Down with fun: The depressing vogue for having fun at work - v4us
http://www.economist.com/node/17035923

======
blhack
The problem is that you have to allow people to have fun on their own, not
force them to.

It's the same as when I was 10 years old and my mom told me that I had to
clean my room; I wanted me room clean, I didn't like it that there was no
space on the floor to play, but as soon as she told me that I _had_ to do it,
it became a chore and I didn't want to anymore.

At my current job, a major part of my responsibility is coming up with
advertisements (The marketing goons joke that I made the "mistake" of speaking
up a couple of years ago that I do graphic design as a hobby). The best things
I've ever come up with, and the things that they have liked the best, have
been done when I've been sortof joking around in my DTP software. Some of the
best stuff started off as a joke.

Contrast this with telling me that I _must_ have something done by the end of
the day _or else_. This stuff almost _never_ comes out looking good.

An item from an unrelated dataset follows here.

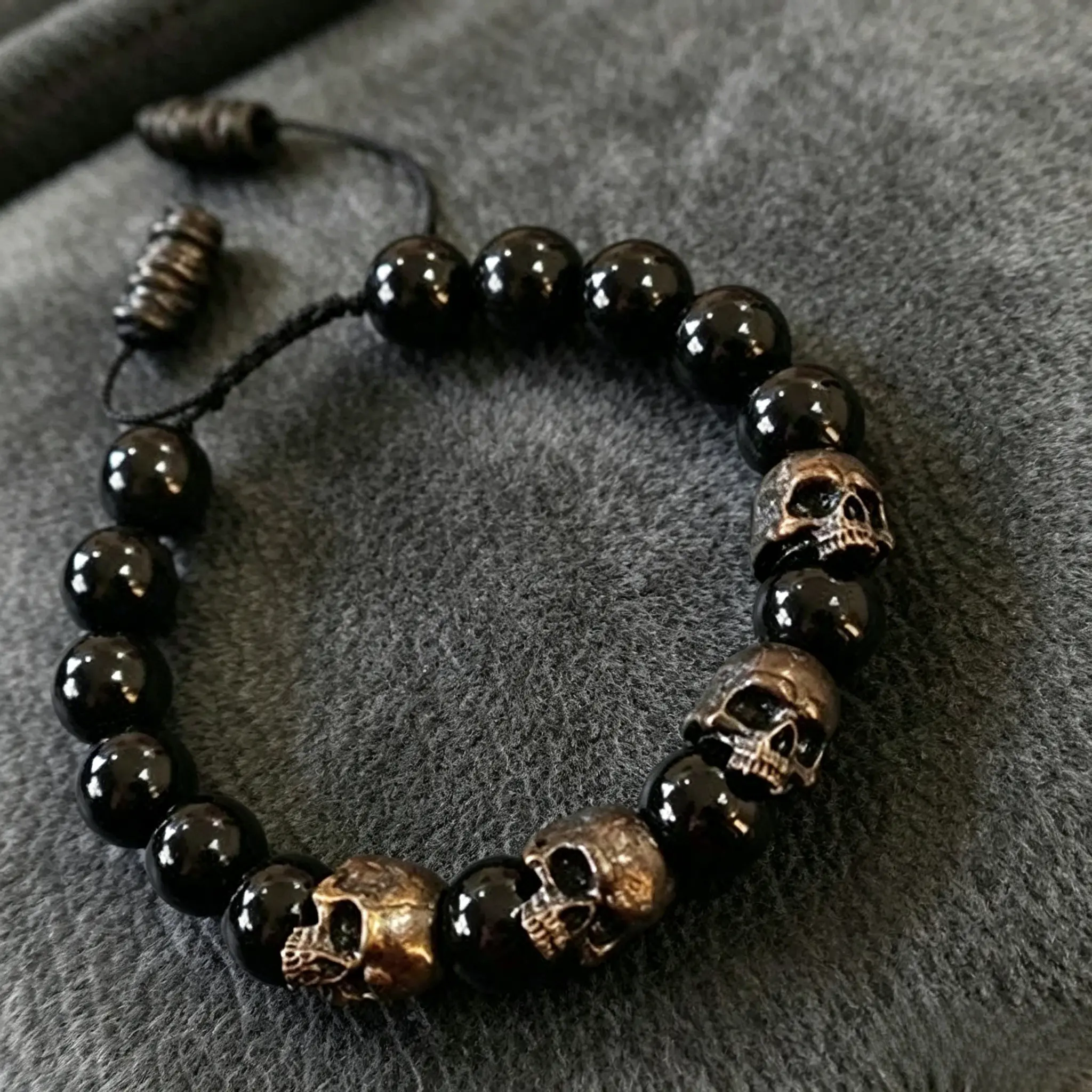 Antique Bronze Skull Accents: Interspersed with intricately detailed antique bronze-tone skull beads, adding a dramatic, gothic statement that embodies rebellion, strength, and timeless edge.The vintage metal finish contrasts beautifully with the smooth black stone.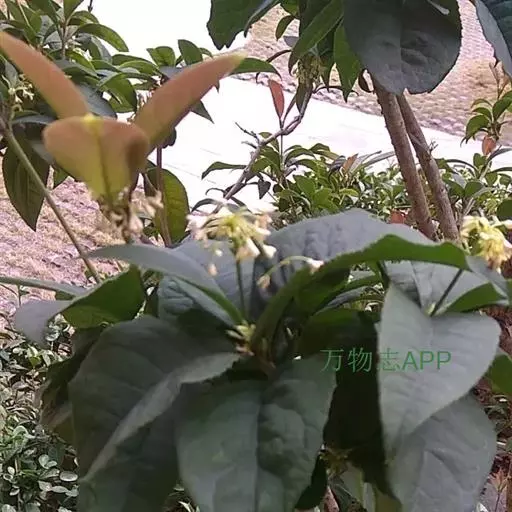 常绿小乔木,高约5米;枝圆柱形,灰褐色。叶片革质,椭圆形或倒卵状椭圆形,长6-8.5厘米,宽3.4-3.7厘米,顶端圆形或有时稍微凹或有小尖头,上面干时橄榄绿色,下面灰白色,初时上面有灰白色绒毛,以后变无毛,下面密被灰白色短绒毛,侧脉在下面显著,凸起,每边有7-8条,以45度开角斜行,在离边缘2-3毫米处汇合成边脉;叶柄长5-7毫米,有灰白色绒毛。花直径2.5-5厘米;花瓣外面有灰白色绒毛,内面带紫色;雄蕊与花柱略红色。浆果卵圆形或长圆形,直径约1.5厘米,外面有灰白色绒毛,顶部有宿存的萼片。

Companies should let adults be adults. If I want to keep a minifridge full of
beer under my desk, but I keep it under control and my job continues to get
done, then why not?

That is one thing that, largely, my company has gotten right. I have the
freedom to work pretty much anywhere in the office that I want. If I decide to
sit out in the cubicle farm and mingle with the accounting people, I can. If I
want to take my laptop up stairs and sit in the storage room, I can do that
too.

I just wish that they would see the correlation between "letting Ryan work
where and how he is comfortable" and "things are getting done and we are
loving them".

How is this related to TFA? You have to let things happen organically. You
can't tell people that they're having fun, you have to let them do it on their
own. You can't tell me to "just get creative", you have to let me do it on my
own.